“Charley’s Aunt,” a play running at the Clarence Brown Theatre through March 7, is like a breath of fresh air when it comes to entertainment. One doesn’t expect a play to have such amazing performances and to produce so much laughter in an individual.
“Charley’s Aunt” was written by Brandon Thomas, an English playwright who died in 1914, but not without leaving this incredible work behind. “Charley’s Aunt” originally ran almost 1,500 times in London, breaking tons of records at that time. And as a first show to see at the Clarence Brown Theatre, one cannot go wrong with the farce.
“This was the first play I have been to at the CBT, and I feel that it was a great show to start with,” Christopher Manning, sophomore in industrial engineering, said. “The acting was amazing, and the show was hilarious.”
The production is set in 1910 at Oxford University, where Charles Wykeham (Matt Bassett) and Jack Chesney (Jonathan Visser) are contemplating how to write to the women they love and propose to them before they go off to Scotland for the summer. The boys think about the situation and decide to use Charley’s wealthy aunt, who is coincidentally coming into town to meet him for the first time, as a way to see the girls and have a celebration for the aunt coming to town. However, the aunt’s arrival is postponed, so they use their friend Lord Fancourt Babberly (Michael Moreno), also known as Babbs, and make him wear a women’s costume and pretend to be the multimillionaire aunt, Donna Lucia D’Alvadorez.

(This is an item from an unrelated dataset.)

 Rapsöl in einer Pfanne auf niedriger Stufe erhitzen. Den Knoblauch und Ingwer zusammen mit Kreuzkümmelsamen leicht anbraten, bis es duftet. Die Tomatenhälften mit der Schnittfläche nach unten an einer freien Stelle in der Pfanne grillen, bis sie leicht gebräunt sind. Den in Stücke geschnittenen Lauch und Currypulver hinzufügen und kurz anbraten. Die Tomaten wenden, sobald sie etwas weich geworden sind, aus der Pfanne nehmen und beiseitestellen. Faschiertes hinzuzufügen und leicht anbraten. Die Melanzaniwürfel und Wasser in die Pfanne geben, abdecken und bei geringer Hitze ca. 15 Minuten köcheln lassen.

The play continues, and everyone is convinced that Babbs is actually a woman. The girls in the play, Kitty Verdun (Jack’s love interest) and Amy Spettigue (Charley’s love interest), go on to laugh and converse with Babbs, as though he is just another woman. Little do they know they are being tricked the whole time.

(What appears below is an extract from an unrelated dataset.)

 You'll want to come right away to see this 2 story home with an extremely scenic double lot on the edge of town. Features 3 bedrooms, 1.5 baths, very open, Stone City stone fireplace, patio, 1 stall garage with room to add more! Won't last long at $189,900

The plot thickens when Jack’s father randomly shows up to give him money and decides he should marry Donna Lucia because she is rich, and the Chesney family is experiencing money problems. Charley and Jack are, all the while, trying to keep Babbs from taking advantage of the girls getting so close to him and keeping Jack’s dad at a safe distance from whom he perceives to be “Donna Lucia.”

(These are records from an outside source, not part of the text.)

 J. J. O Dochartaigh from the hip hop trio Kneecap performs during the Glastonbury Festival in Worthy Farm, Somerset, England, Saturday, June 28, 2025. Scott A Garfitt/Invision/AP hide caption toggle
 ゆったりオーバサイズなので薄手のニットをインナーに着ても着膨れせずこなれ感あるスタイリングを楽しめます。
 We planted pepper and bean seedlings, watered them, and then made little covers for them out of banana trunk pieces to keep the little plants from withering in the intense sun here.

The story unfolds beautifully, and one who attends will no doubt leave the theater feeling very happy. The actors are extremely refreshing, and Babbs (Michael Moreno) has quite possibly the best facial expressions anyone has ever seen. It would be a shame not to mention the very witty butler Brasset (Neil Friedman) as he comes in and out of the scenes with his funny one-liners and usually gets all the blame put on him for things that are hardly his fault.
“Charley’s Aunt” is sure to be a good laugh for all.